X.org server I think was the one that had to be abandoned, or was it XFree86.. one of the major X11 implementations had to be completely abandoned and rewritten as whatever replaced it.

@freemo Actually looking up the details, XFree86 wasn't copylefted or abandoned and rewritten - someone just finished off waning developer interest by adding credit requirements that were incompatible with the GPLv2 (despite the ease of achieving the same thing without being GPLv2-incompatible); https://en.wikipedia.org/wiki/XFree86?useskin=monobook#2004:_Licensing_controversy https://www.gnu.org/licenses/license-list.html#XFree861.1License

In response to the poor license change, some developers forked a version before the change and made it into X.Org Server (only small changes were made after that version, so "completely abandoned and rewritten" to refer to rewriting small changes is completely wrong).
Yea I remember when this a happened too .. I would download and run the latest XFree86 binaries instead of using the ones from Slackware. There was a whole kerfuffle about attribution. Xorg stayed GPL.

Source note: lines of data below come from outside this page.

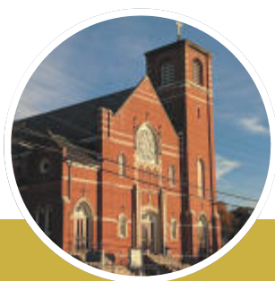
St. Mary 34 North Main Street Jewett City CT
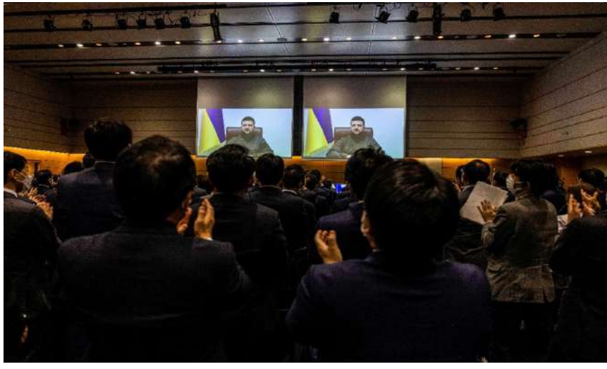
Members of Japan's lower house of parliament applaud at the end of a speech by Ukrainian President Volodymyr Zelensky via a video link at the House of Representatives office building in Tokyo on Wednesday, 23 March 2022. Last Sunday, during a similar speech to the Israeli Knesset, President Zelensky had criticised the Israeli government for not providing his country with the Iron Dome anti-missile system and other defensive weapons for the war against Russia.

The Israeli government rejected requests from Ukraine and Estonia in recent years to purchase and use Pegasus – the powerful spyware tool – to hack Russian mobile phone numbers, according to people with knowledge of the discussions. Israel feared that selling the cyberweapon to adversaries of Russia would damage Israel's relationship with the Kremlin, they said. Both Ukraine and Estonia had hoped to buy Pegasus to gain access to Russian phones, presumably as part of intelligence operations targeting their increasingly menacing neighbour in the years before the current crisis but Israel's Ministry of Defence refused to grant licenses to NSO Group, the company that makes Pegasus, to sell to Estonia and Ukraine.
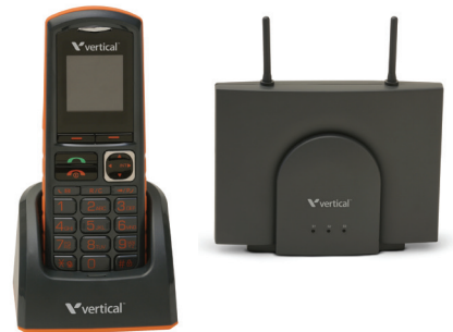
Summit Wireless DECT System

The Summit is also compatible with Vertical's SBX IP and MBX IP platforms, so you can quickly network up to 250 sites together while creating a simple migration path to the full-feature and cost-saving benefits of the Summit's built-in VoIP technology.
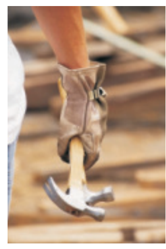
PJR certifies companies performing carpentry, masonry, plumbing, electricity, HVAC and other skilled trades.
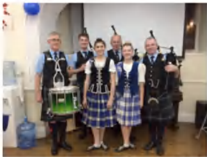
Local Care Homes for St Andrews Day

Homes is also part of the “community” side of the pipe band and it is well appreciated.
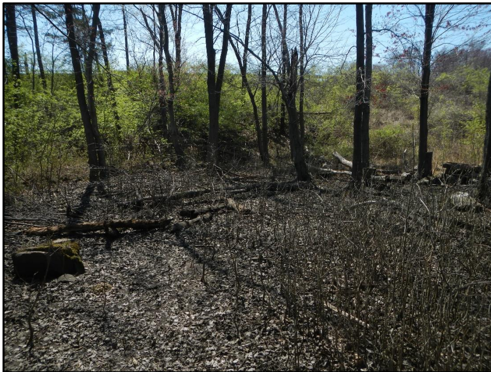
Wetland 12GG – PFO
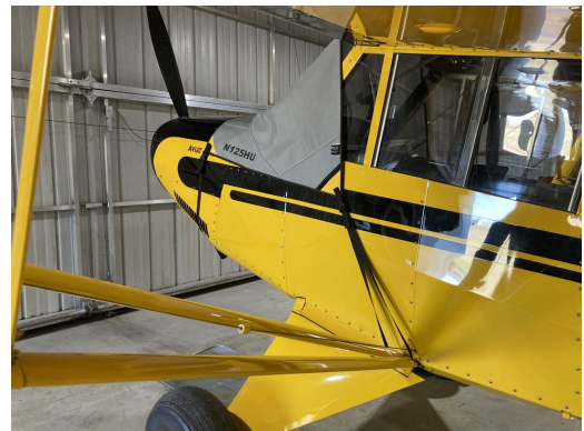
Aviat Husky Windshield/Skylight Cover
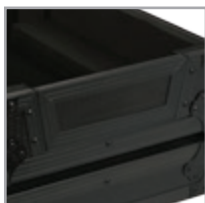
Removable case lid

GPL/AGPL are for people who don't want their software to ever become part of an AWS/Azure offering or packaged commercially without code changes being released. But if you're writing a library in GPL (and it's not LGPL) don't expect anyone to use it. My current company has strict license checks as part of VC funding and we've removed and replaced parts of the code if it's discovered a dependent license is GPL (there's a CI check to prevent this now).

@djsumdog

I have no real issue with anyone using GPL.. you are giving your time for free, put whatever rules on your contribution you want, im just happy your contributing.

But **I** will never contribute to a copyleft project, and I certainly never want to be limited with how I can use my own projects either. So I will certainly never support anything copyleft if ic an help it.

@Suiseiseki

@freemo @djsumdog well then GPL is working as intended. its meant to cut off proprietarybros from the commons.

@icedquinn

The vasy majority of my contributions are in no way proprietary and have no real use for me in a proprietary setting. Some other stuff does.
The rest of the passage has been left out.